Text Labeling Model#

Kashgari provides several models for text labeling, All labeling models inherit from the BaseLabelingModel. You could easily switch from one model to another just by changing one line of code.

Available Models#

Name Info
CNN_LSTM_Model
BiLSTM_Model
BiLSTM_CRF_Model
BiGRU_Model
BiGRU_CRF_Model

Train basic NER model#

Kashgari provices basic NER corpus for expirement. You could also use your corpus in any language for training.

# Load build-in corpus.
## For Chinese
from kashgari.corpus import ChineseDailyNerCorpus

train_x, train_y = ChineseDailyNerCorpus.load_data('train')
valid_x, valid_y = ChineseDailyNerCorpus.load_data('valid')
test_x, test_y = ChineseDailyNerCorpus.load_data('test')

## For English
from kashgari.corpus import CONLL2003ENCorpus

train_x, train_y = CONLL2003ENCorpus.load_data('train')
valid_x, valid_y = CONLL2003ENCorpus.load_data('valid')
test_x, test_y = CONLL2003ENCorpus.load_data('test')

# Or use your own corpus
train_x = [['Hello', 'world'], ['Hello', 'Kashgari'], ['I', 'love', 'Beijing']]
train_y = [['O', 'O'], ['O', 'B-PER'], ['O', 'B-LOC']]
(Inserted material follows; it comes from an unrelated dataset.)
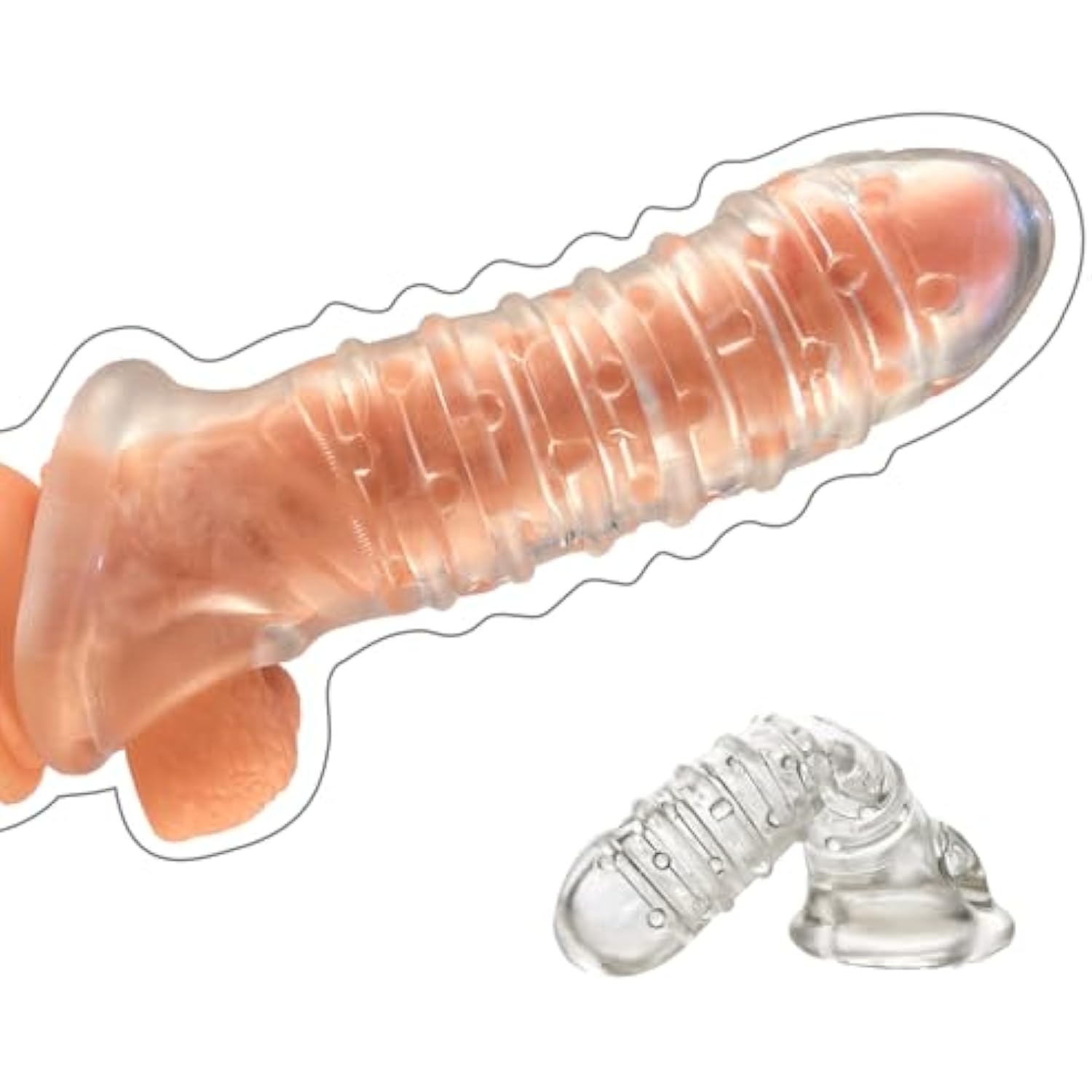 Reusable Thick Penis Sleeve Cock Ring, Ultra-Soft Cock Sleeve Penis Extender,Couples Cock & Girth Enhancer Adult Sex Toys For Men (Transparent)

valid_x, valid_y = train_x, train_y
test_x, test_x = train_x, train_y

Or use your own corpus, it needs to be tokenized like this.

>>> print(train_x[0])
['海', '钓', '比', '赛', '地', '点', '在', '厦', '门', '与', '金', '门', '之', '间', '的', '海', '域', '。']

>>> print(train_y[0])
['O', 'O', 'O', 'O', 'O', 'O', 'O', 'B-LOC', 'I-LOC', 'O', 'B-LOC', 'I-LOC', 'O', 'O', 'O', 'O', 'O', 'O']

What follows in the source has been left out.